Mitnick's 54-month prison sentence is the longest ever meted out in a hacking case, said Assistant U.S. Atty. David Schindler, the lead prosecutor in the case.
But Mitnick could be released in about a year because he will be credited for much of the four years that he has spent in jail since his capture by FBI agents in North Carolina in February 1995.
Mitnick's conduct "was not a benign, inquisitive search for information," said Schindler, rejecting a frequent argument made by Mitnick supporters. "Rather, it was a concerted, deliberate and in some instances mean-spirited attempt to steal information and trick a number of unsuspecting victims."
Mitnick could have faced up to 35 years in prison and a fine of $1.75 million for the counts to which he pleaded guilty. As part of the plea, the government dropped the bulk of its initial 25-count indictment.
Mitnick's attorney, Donald Randolph, said the plea agreement was substantially more favorable than earlier government offers. "My client can now see light at the end of the tunnel," he said, "and has a reasonable certainty that it is not another train approaching."
In court Friday, Schindler recounted in detail many aliases and ruses Mitnick employed to steal cellular phone software and hacking tools from his targeted companies. Those victims included such major corporations as Sun Microsystems Inc. and Motorola Inc.
The plea agreement, signed by prosecutors and Mitnick last week but kept under seal until Friday, does not cover whether Mitnick will be required to pay his victims restitution.
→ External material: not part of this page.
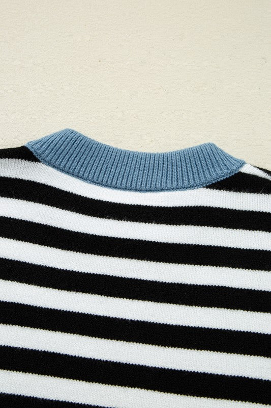 Striped Colorblock Patchwork Long Sleeve Sweater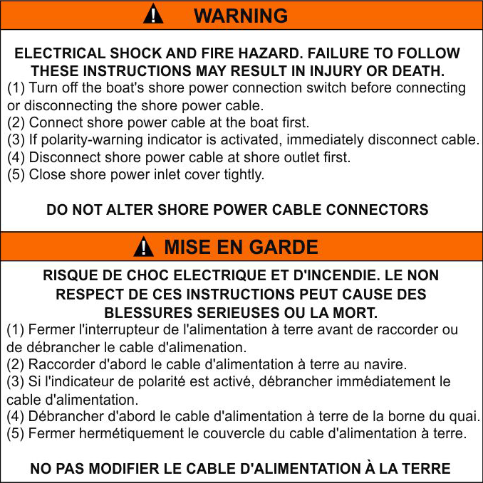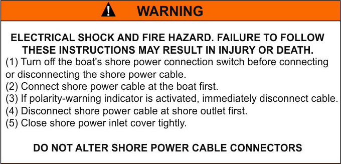 Varning Risk för elektrisk stöt och brand. Underlåtenhet att följa dessa instruktioner kan leda till skada eller dödsfall. (1) Slå ifrån båtens landströmbrytare innan du ansluter eller kopplar bort landströmkabeln. (2) Anslut landströmkabeln till båten först. (3) Om polaritetvarningsindikatorn är aktiverad, koppla omedelbart bort kabeln. (4) Koppla först bort landströmkabeln vid landuttaget. (5) Stäng locket till landströmuttaget ordentligt. Ändra inte kontakterna i landströmkabeln |

Any profit he makes from selling his story is already earmarked for his victims, and he could also be forced to surrender a portion of his future wages to victim companies. That will be decided by Judge Mariana Pfaelzer at a sentencing hearing in June.
Aside from the court-imposed sanctions that will follow him for years to come, Mitnick probably always will be shadowed by the notoriety of a hacking career that spanned two decades and included four previous arrests.
At least three books have been written about his hacking history and his dramatic capture in 1995 after leading the FBI on a two-year, cross-country chase. A movie about his capture is due out this year.
Mitnick has made few public comments since his arrest four years ago, but Randolph said Mitnick has expressed an interest in returning to school when he is released, and eventually of finding work as a computer consultant.
Alan Mitnick said he would be pleased to see his son find legitimate work in the computer industry. "He's got a passion for it," he said. "And he's a natural."